Instance Segmentation with Custom Datasets in Python

Instance segmentation can detect objects within the input image, isolate them from the background, and also it takes a step further and can detect each individual object within a cluster of similar objects, drawing the boundaries for each of them. Thus, it can not only differentiate a group of individual species but the number of individuals resulting in the species. That is, in the example image mentioned below, in semantic segmentation, we were able to say there are many goats but can’t differentiate each and every goat individually. But in instance segmentation, we are able to say there are 3 different goats standing together. This is simply what instance segmentation does.

Image recognition

This article is split into 5 steps for ease of the readers:

  • Installations
  • Dataset
  • Training
  • Inference
  • Testing

In this article, you will learn what Instance Segmentation is and implement it in Python with the help of an example test case, and also learn to do instance segmentation with custom datasets.
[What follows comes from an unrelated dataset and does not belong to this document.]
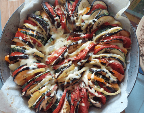 Caterpillar Ratatouille is a bright and unusual dish inspired by classic French ratatouille but adapted to Armenian taste traditions. Its history stems from the desire to combine simple vegetable ingredients into a harmonious flavor ensemble. Eggplant, sweet pepper, zucchini, potatoes, and tomatoes are sliced thinly and layered to create a visual effect reminiscent of a caterpillar pattern. The dish is filled with rich aromas thanks to sea salt, black pepper, and a blend of wine and balsamic vinegar. The baked vegetable mix acquires a soft texture and multifaceted taste – from the sweetness of the pepper to the slight acidity of the vinegar. It can be served as a side dish to meat dishes or as a light appetizer perfect for summer evenings or festive tables.
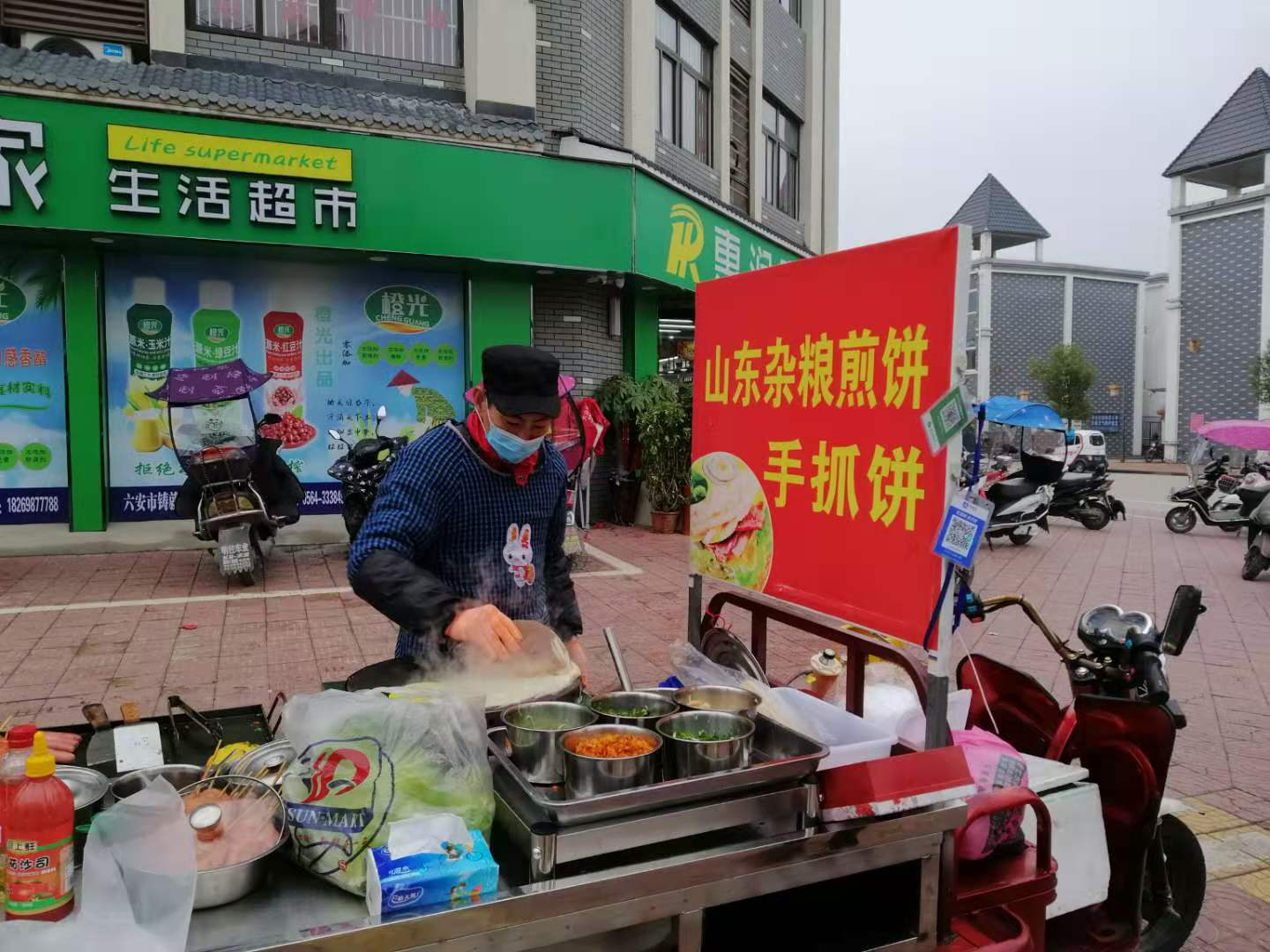 2020年10月1日开始,身体好转的杨继刚没有闲着,他想着党和国家的政策好,自己更要自强不息,要靠自己的双手实现真正脱贫。于是,在镇扶贫站的安排下他报名学习了小吃技术,并在韩摆渡镇马家庵街道华联超市门口摆了一个移动摊位,经营“山东杂粮煎饼、手抓饼”。因为生意刚刚起步,每天的营业额在100元左右,利润在50元左右,虽然收入不高,但杨继刚却很满足,他说:“要不是党和政府的帮助,我早就倒下了,现在我靠自己的双手做点力所能及的小生意,既不影响治疗恢复,也给女儿树立了一个榜样,我相信靠我一家人的努力,生活一定会越来越好的。”

Thus, we will start by building the dataset and its corresponding directory/ folder and then train it followed by inference and testing of the dataset.

Instance segmentation is the most latest deep learning technique adapted after image recognition, object detection, and semantic segmentation. Thus, the information and custom training methods are very few in the open-source market. Thus, I believe this tutorial will help you to understand the concept better and take your understanding to the next level. The next level of deep learning after instance segmentation is Panoptic segmentation which is a combination of both semantic and instance segmentation.

There are two things to be done before diving into the code:

  • Creating datasets
  • Stacking it in proper directories.

Happy Reading!!!

ZIP FILE STRUCTURE

Structure of the Zip file for the dataset to be custom trained:

  • Train Directory – Will consist of the JPG images and Annotations of each JPG images obtained to train.
  • Validation Directory – Will consist of the JPG images and Annotations of each JPG images obtained to validate.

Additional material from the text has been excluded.